### Try it:
Starting with the line below that holds "El punto es" and stopping after the line that holds "nicho para mujer", transcribe the lines exactly, leaving out all pictures.

### Input material:
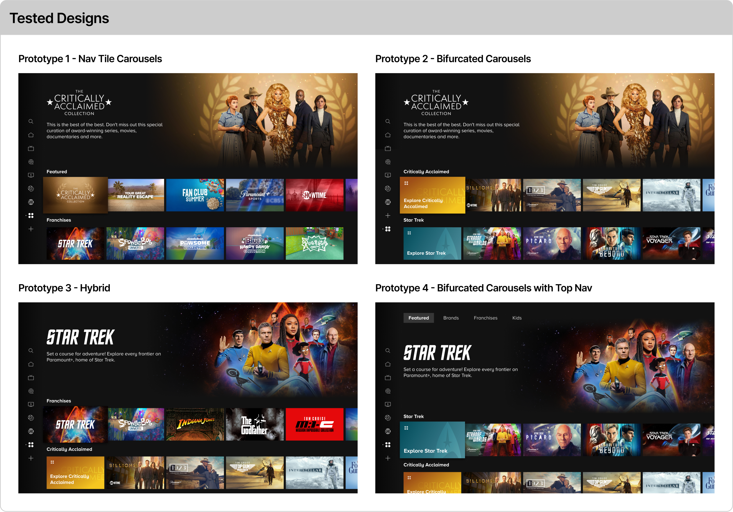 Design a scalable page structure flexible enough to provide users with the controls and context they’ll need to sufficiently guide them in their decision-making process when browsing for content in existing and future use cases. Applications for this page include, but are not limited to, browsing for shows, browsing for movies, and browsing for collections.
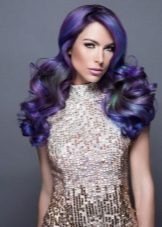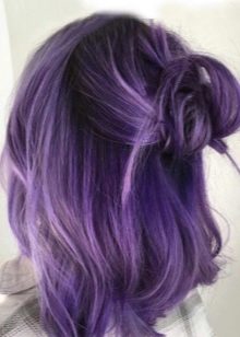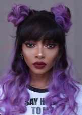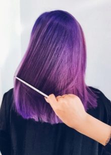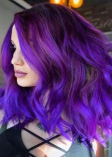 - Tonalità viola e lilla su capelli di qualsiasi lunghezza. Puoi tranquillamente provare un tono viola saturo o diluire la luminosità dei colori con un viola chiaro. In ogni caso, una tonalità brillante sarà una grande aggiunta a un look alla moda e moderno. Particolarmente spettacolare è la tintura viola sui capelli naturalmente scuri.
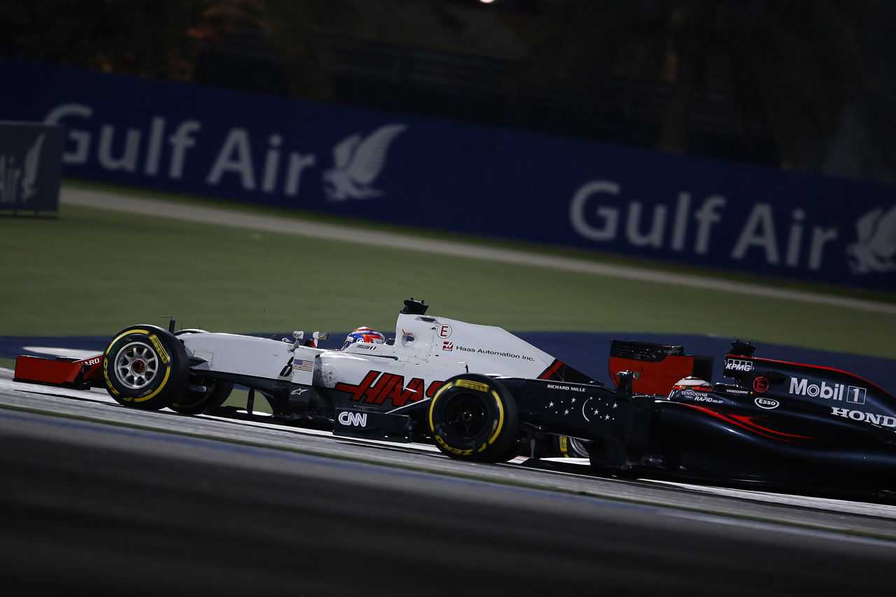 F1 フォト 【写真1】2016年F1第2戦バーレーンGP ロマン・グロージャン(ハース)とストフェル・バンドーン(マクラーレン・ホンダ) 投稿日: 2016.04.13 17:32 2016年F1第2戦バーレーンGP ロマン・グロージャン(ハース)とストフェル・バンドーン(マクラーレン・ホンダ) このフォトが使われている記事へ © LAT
--
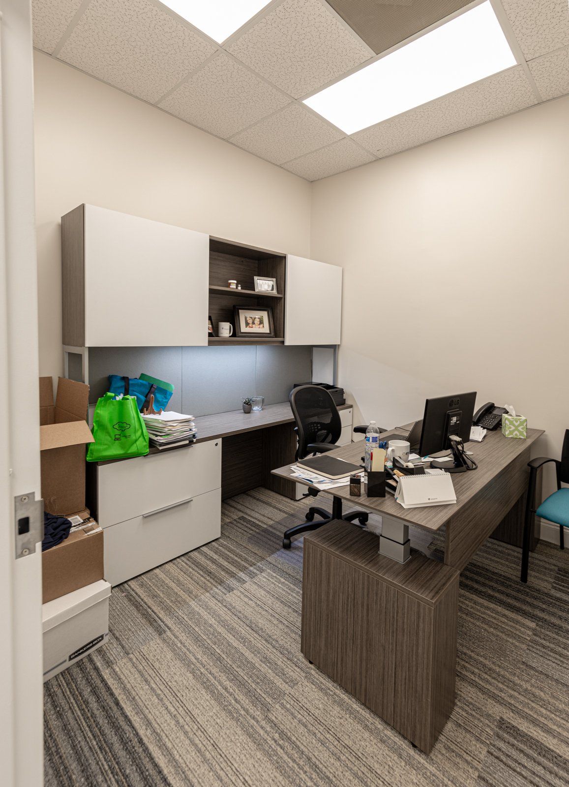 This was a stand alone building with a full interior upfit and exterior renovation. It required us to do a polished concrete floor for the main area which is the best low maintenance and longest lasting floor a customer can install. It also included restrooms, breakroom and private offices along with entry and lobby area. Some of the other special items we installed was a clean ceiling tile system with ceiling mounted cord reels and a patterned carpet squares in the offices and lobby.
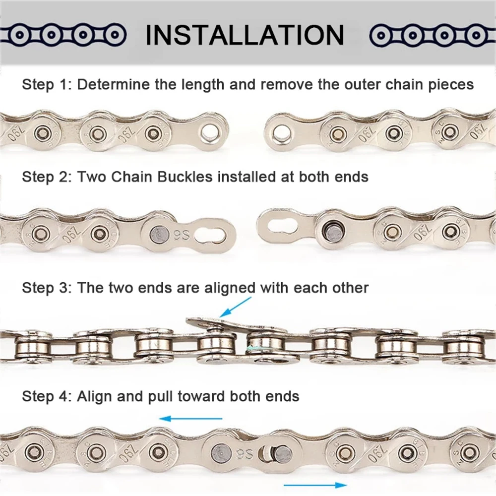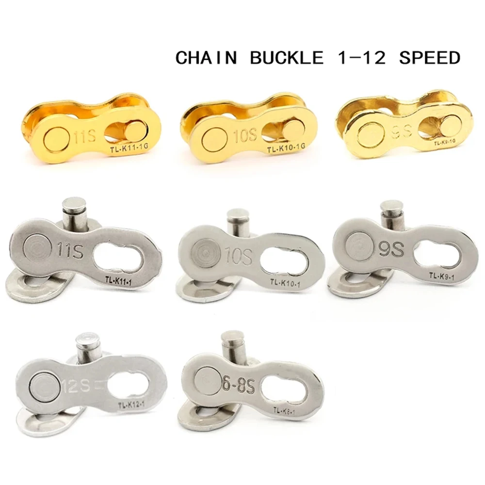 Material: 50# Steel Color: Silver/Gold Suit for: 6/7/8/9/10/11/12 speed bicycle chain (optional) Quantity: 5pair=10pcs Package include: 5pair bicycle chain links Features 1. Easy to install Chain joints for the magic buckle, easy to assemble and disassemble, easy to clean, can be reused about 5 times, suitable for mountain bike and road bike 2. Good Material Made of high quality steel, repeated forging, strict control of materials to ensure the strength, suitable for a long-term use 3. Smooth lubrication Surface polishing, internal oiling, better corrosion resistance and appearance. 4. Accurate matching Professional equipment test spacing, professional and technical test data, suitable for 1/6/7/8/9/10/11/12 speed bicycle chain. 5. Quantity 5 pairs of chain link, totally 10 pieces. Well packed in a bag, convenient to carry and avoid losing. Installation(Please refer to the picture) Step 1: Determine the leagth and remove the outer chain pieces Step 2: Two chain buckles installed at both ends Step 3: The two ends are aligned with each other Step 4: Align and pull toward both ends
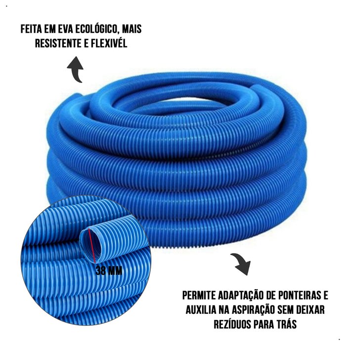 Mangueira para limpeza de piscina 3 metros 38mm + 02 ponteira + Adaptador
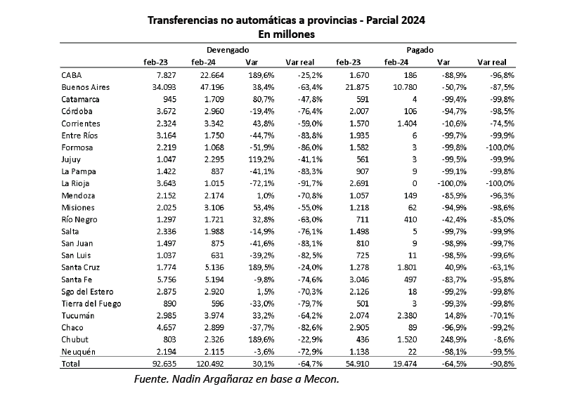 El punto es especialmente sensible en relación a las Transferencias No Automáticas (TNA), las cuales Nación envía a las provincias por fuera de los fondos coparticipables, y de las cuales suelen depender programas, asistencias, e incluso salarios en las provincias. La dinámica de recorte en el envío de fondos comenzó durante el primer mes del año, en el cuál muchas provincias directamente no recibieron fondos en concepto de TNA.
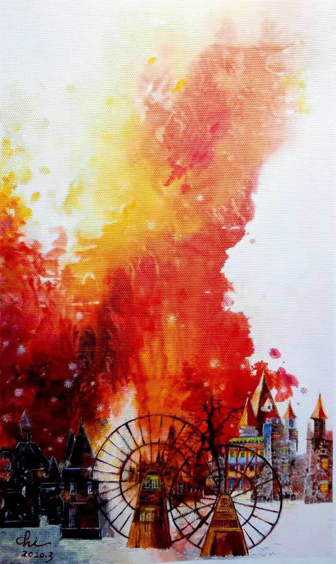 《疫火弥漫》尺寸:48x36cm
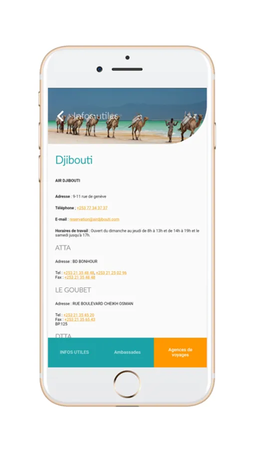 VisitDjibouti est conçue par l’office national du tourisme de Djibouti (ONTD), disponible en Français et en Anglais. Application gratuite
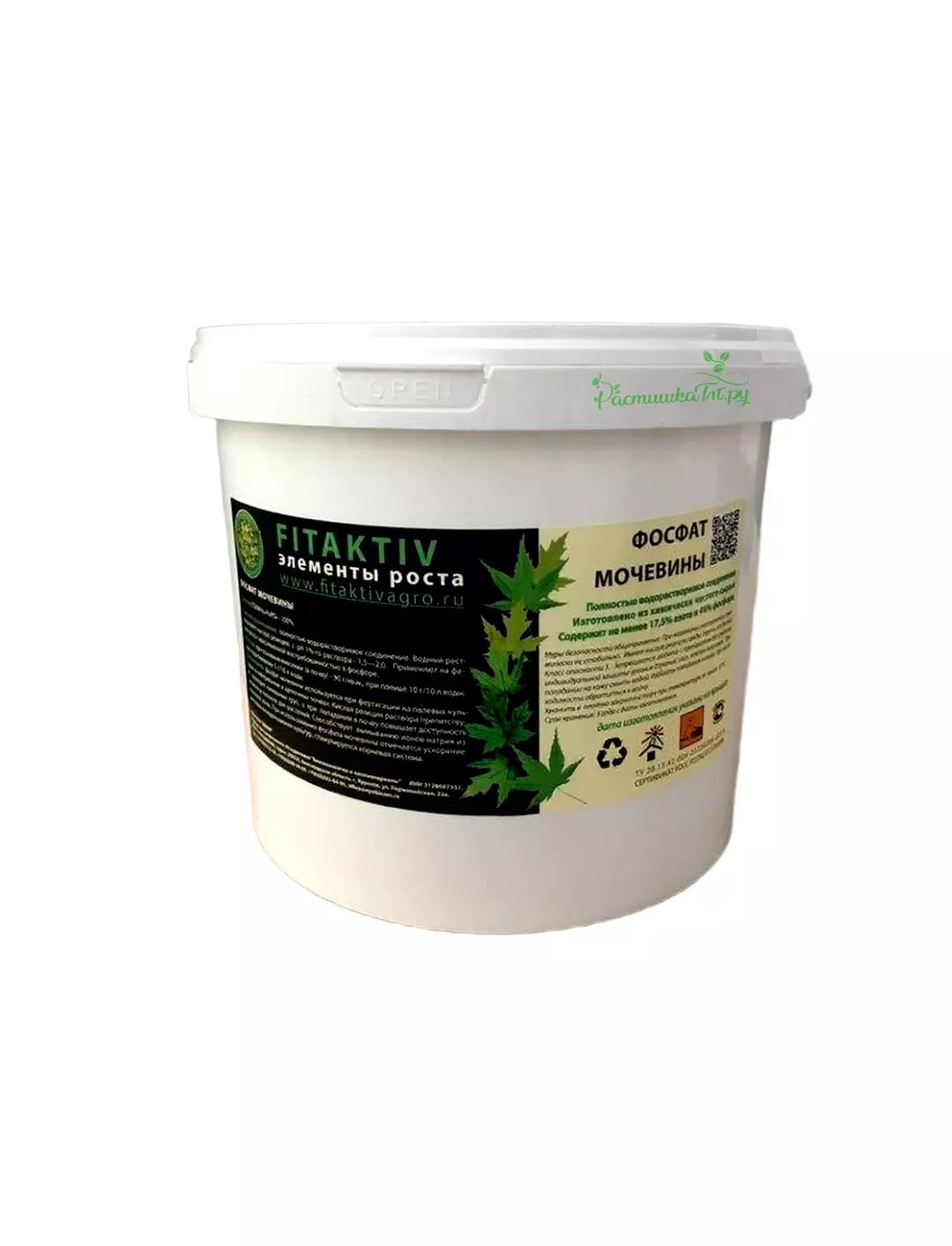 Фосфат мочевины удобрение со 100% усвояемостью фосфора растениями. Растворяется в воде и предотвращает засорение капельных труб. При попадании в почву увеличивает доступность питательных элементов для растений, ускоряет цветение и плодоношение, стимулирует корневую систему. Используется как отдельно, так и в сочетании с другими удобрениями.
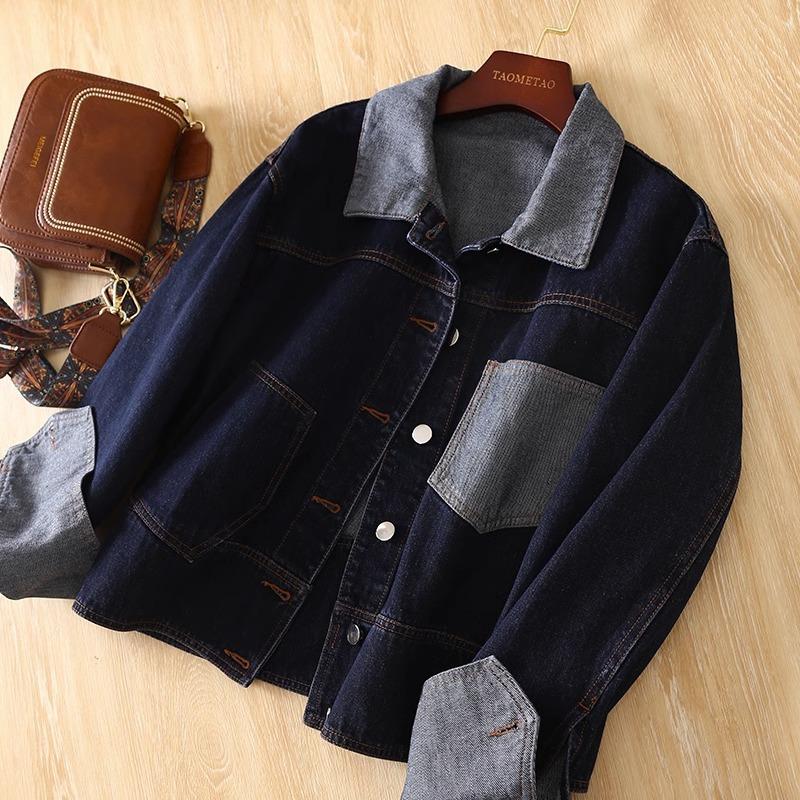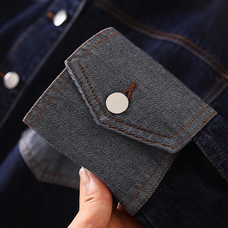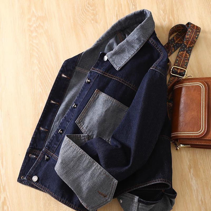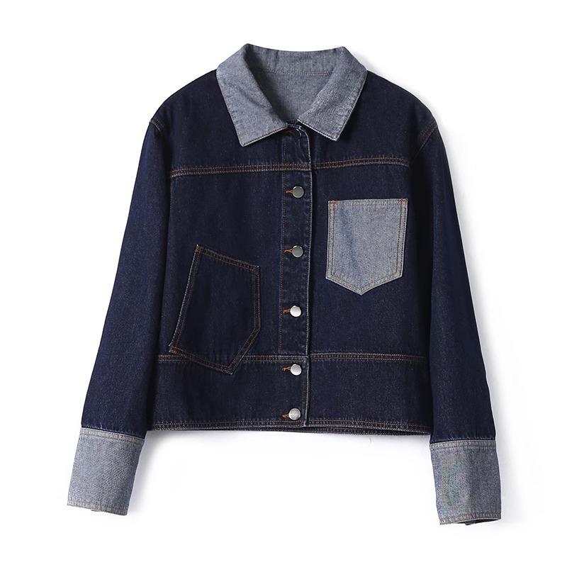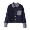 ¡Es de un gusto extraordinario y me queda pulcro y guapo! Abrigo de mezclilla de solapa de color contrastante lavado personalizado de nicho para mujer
...
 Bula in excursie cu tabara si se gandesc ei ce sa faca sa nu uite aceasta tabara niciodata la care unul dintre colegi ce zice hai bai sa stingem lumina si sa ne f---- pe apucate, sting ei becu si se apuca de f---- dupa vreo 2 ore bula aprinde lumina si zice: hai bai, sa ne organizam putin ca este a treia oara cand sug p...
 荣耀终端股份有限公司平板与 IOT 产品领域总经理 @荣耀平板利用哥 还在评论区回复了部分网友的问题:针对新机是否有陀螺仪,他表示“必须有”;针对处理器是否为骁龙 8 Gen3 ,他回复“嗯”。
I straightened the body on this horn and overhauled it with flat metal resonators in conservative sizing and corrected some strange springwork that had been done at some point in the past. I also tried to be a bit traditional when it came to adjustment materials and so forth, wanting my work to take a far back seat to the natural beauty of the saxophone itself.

### Answer to this problem:
 El punto es especialmente sensible en relación a las Transferencias No Automáticas (TNA), las cuales Nación envía a las provincias por fuera de los fondos coparticipables, y de las cuales suelen depender programas, asistencias, e incluso salarios en las provincias. La dinámica de recorte en el envío de fondos comenzó durante el primer mes del año, en el cuál muchas provincias directamente no recibieron fondos en concepto de TNA.
 《疫火弥漫》尺寸:48x36cm
 VisitDjibouti est conçue par l’office national du tourisme de Djibouti (ONTD), disponible en Français et en Anglais. Application gratuite
 Фосфат мочевины удобрение со 100% усвояемостью фосфора растениями. Растворяется в воде и предотвращает засорение капельных труб. При попадании в почву увеличивает доступность питательных элементов для растений, ускоряет цветение и плодоношение, стимулирует корневую систему. Используется как отдельно, так и в сочетании с другими удобрениями.
 ¡Es de un gusto extraordinario y me queda pulcro y guapo! Abrigo de mezclilla de solapa de color contrastante lavado personalizado de nicho para mujer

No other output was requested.